Both the Unmarked and Jags occupancy models produced similar parameter estimates. Many of the parameter estimates produced by the Jags model are closer to zero than those produced using Unmarked. This may be due to the uniformative priors set in the Jags model.

Occupied Sites

sum(bup(ranef(fm2), stat="mode")) # Unmarked Sites Occupied Estimate 

## [1] 16

round(mean(out$sims.list$occ.fs),0) # Jags Sites Occupied Estimate 

## [1] 14

The estimate of sites occupied produced from the unmarked analysis indicate that 6 more sites were occupied by R. alpina and went undetected, while the Jags analysis indicates that 4 more sites were occupied by R. alpina but went undetected.

Conclusions

Occupancy models can be particularly important in estimating the species occupancy in an area, and helping us learn more about the species. For example, the goal of this study was to determine the impact of site location on R. alpina occupancy and the effect of date and time on detection probability of the species. In this model, the site characteristic was site location, while the survey characteristics were time and date of the survey. Remember, detection probability can be impacted by both site and survey/observation characteristics, however occupancy probability can only be impacted by site characteristics.

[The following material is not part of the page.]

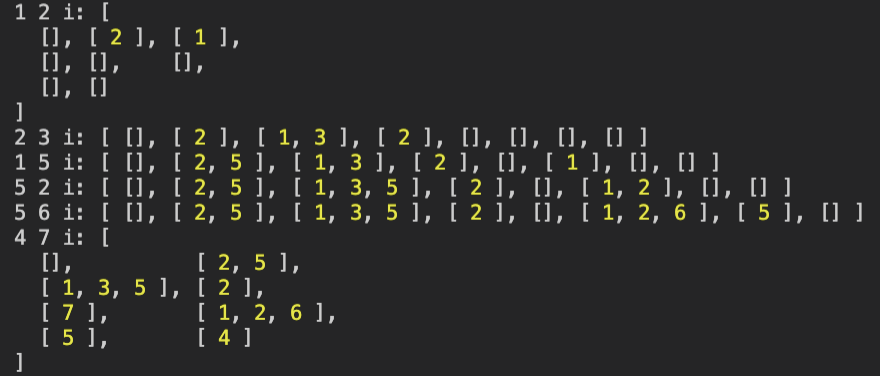 - ๊ทธ๋ํ ๋ฐฐ์ด์ ๋๋ฉด์ ํด๋น graph๋ฅผ ๋ฐฉ๋ฌธํ๋์ง ํ์ธํ ํ

After running an occupancy model to estimate occupancy of blue bugs in the unmarked package, we learned that:

• Site location did have a large impact on occupancy of R. alpina; sites on the forest edge were much less likely to be occupied than sites near the interior of the habitat.
  

• The time of day at which researchers survey the area may have an impact on detection probability, but date does not seem to impact detection probability.
  

• Six additional sites were occupied by R. alpina and went undetected.
  

After rerunning an occupancy model to estimate occupancy of blue bugs using Bayesian methods and JAGs, we learned that:

• The p-value indicated underdispersion of data, where the sum of squared residual error in the observed data was greater than that of the simulated data. This indicates that the model may not be a good fit for the data. However, it is important to note that the sample size in this dataset was extremely small, which may have had a large impact on model performance and the interpretation of the results in both models. There are a few ways to overcome this:
  

  • Conduct more surveys to increase sample size
    
  • Set more informative priors for the data from past studies/sources
    
  • Among others…!

• We found that we should survey each site 6 times in order to be 95% confident that the site was unoccupied by R. alpina
  

• We found that the sites in the interior of the habitat are much more likely to be occupied by R. alpina than those along the edge of the habitat.
  

• We found that detection probability is highest around 5:40pm. Therefore, in order to maximize detection, we should survey each site around this time.
  

• We learned that date did not seem to have a large impact on detection probability.
  

• Four additional sites were occupied by R. alpina and went undetected.
  

Though there were some differences in results between both models, the overall messages (that time of day impacts R. alpina detection probability and proximity to forest edge impacts R. alpina occupancy) provide insights into detection and occupancy of R. alpina at these sites. These are important aspects of R. alpina occupancy that can be used to better inform survey strategies to maximize detection as well as management of the species in this area (for example, attempting to protect wood piles in the area, particularly in the interior of the habitat since these are most likely to be occupied by the species). This is of particular importance given the endangered status of these Alpine longhorn beetles.

Resources

Bailey, Larissa and Michael Adams. USGS: Occupancy Models to Study Wildlife, NPS Fact Sheet. 2005. https://www.nps.gov/olym/learn/nature/upload/OccupancyModelFactSheet.pdf.

Ellison, Aaron M. Bayesian Inference in Ecology. Ecology Letters, (2004) 7: 509-520.

Hooten, Mevin B. and Trevor J. Hefley. Bringing Bayesian Models to Life. Ch. 23. 2019.

Kery, Marc and Michael Schaub. Bayesian Population Analysis Using WinBUGS: A Hierarchical Perspective. 2012.